SU DONGHAI, senior partner and managing partner at ETR Law Firm: We have quite an extensive presence in the GBA. ETR’s headquarters are in Guangzhou, and we also have offices in Shenzhen, Zhuhai, Zhongshan, Dongguan and Foshan.
We’ve also built good relationships with peers and local governments in Jiangmen, Huizhou and Zhaoqing. Jiangmen is the hometown of many overseas Chinese who are likely to make more investment in mainland China as the market opens up; it is necessary to consider that when doing business planning for the GBA.
LIU WEN, partner at Commerce & Finance Law Offices: Commerce & Finance’s Shenzhen branch has grown rapidly since its establishment in 2017. We started with 30 employees and are now at 50, but we hope to expand that to 100 in the next year or two. The Shenzhen office focuses on the H-share and A-share markets, as well as dispute resolution and compliance. In 2018, we opened a branch in Hong Kong with a focus on traditional IPO and post-listing compliance issues.

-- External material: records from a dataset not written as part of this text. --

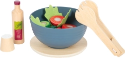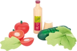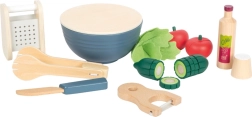 Ten nowoczesny zestaw sałatkowy wykonany jest z wysokiej jakości drewna w połączeniu z realistycznymi kolorami. Zawiera wszystko, co potrzebne do przygotowania sałatki: drewnianą miskę, pokrywkę służącą jako deska do krojenia, ogórek, pomidora, główkę sałaty, tarkę, szczypce, buteleczkę z dressingiem, solniczkę, nóż i obieraczkę do warzyw.
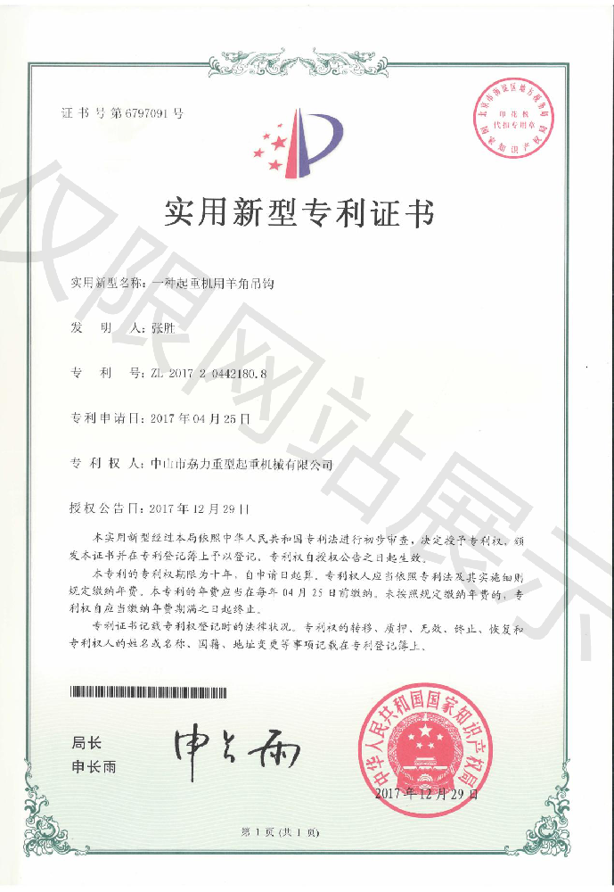 實用新型專利證書 -- 起重機用羊角吊鉤
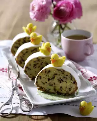 Bake the cake in a preheated oven (electric cooker: 175 °C/ convection oven: 150 °C/ gas: level 2) for 45-55 minutes. Remove the cake from the oven, allow to cool for 15 minutes, then turn out onto a cake rack. Knead marzipan and 2 tablespoons of icing sugar and colour yellow. Take off 1 scarce teaspoon of marzipan and colour it orange with red colour. From the remaining marzipan, form 12 balls of approx. 10 g each. Form small chicks from each ball, using the orange marzipan as beak. Mix egg white and 175 g icing sugar. If the icing is too thick, add some lemon juice. Cover the cake on the cake rack with the icing and let it dry for 2-3 hours.
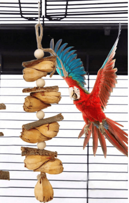 Natural bark toy for parrots. Fun cage hanger to beat boredom. Random color.
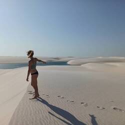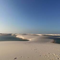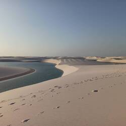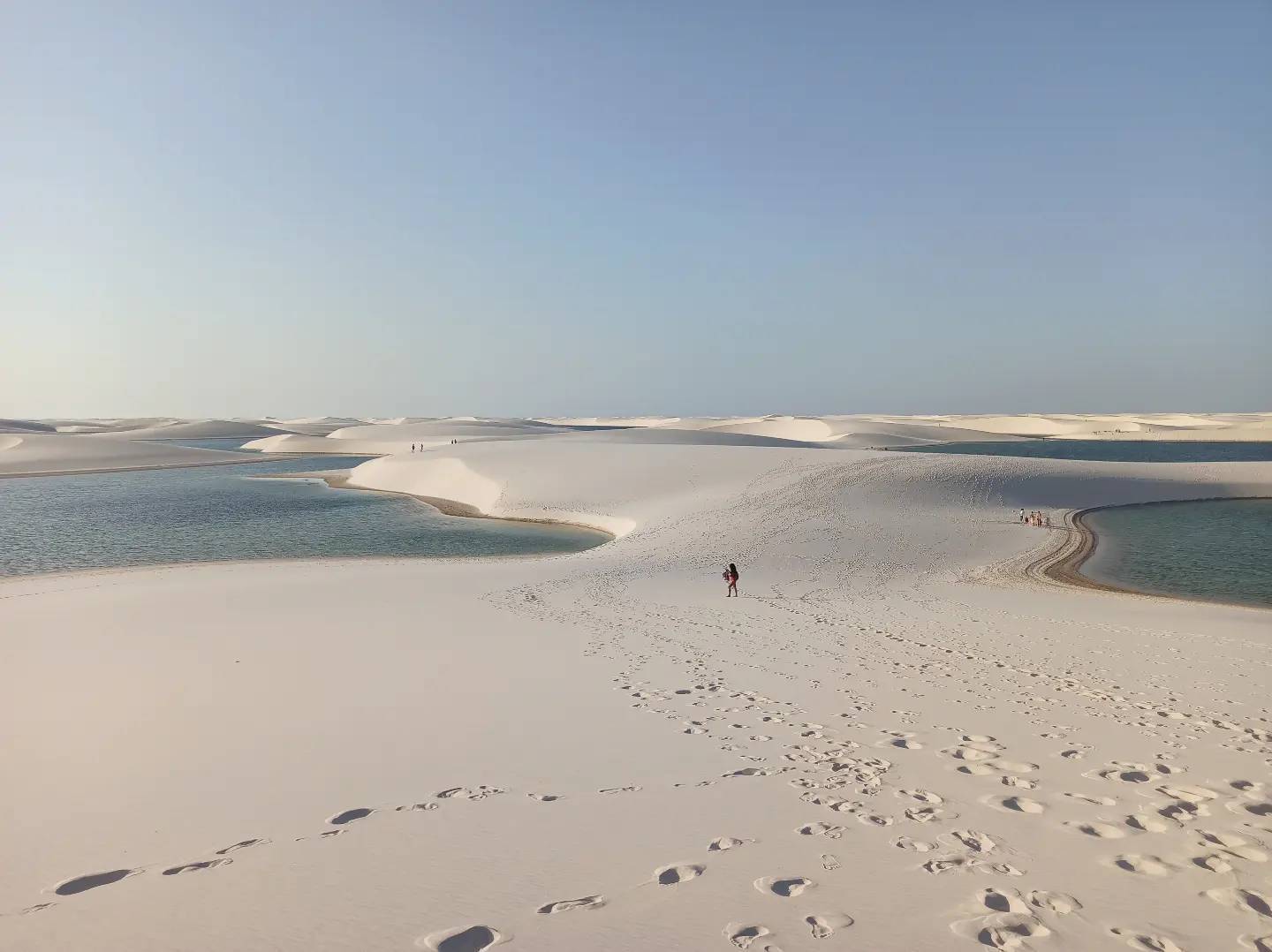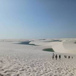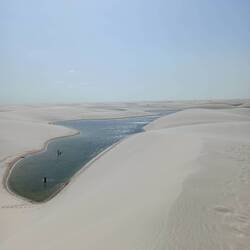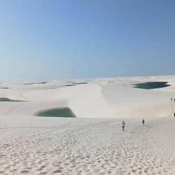 Visita al Parco dei Lencois Maranhenses, una sorta di paradiso terrestre di dune di sabbia bianchissima e pozze d'acqua azzurra e dolce, attraverso in parte in jeep, in parte a piedi.

We seek synergy between Commerce & Finance’s Hong Kong office and all the other offices on the Mainland, not just Shenzhen. Although the firm is mulling over the establishment of more branches in the GBA, it has yet to decide on a sound strategic layout.
LANG YUANPENG, management committee partner at Jingtian & Gongcheng: Jingtian & Gongcheng has an office in Shenzhen, and an independent branch in Hong Kong. We are also in the middle of preparing for the opening of the Guangzhou branch which is scheduled at the end of December. It is expected that Jingtian & Gongcheng will have a team of 100 in the GBA by then. The firm has brought in partners specialised in maritime affairs, construction engineering and dispute resolution as an extension of the original business focuses of finance, securities, corporate and M&A.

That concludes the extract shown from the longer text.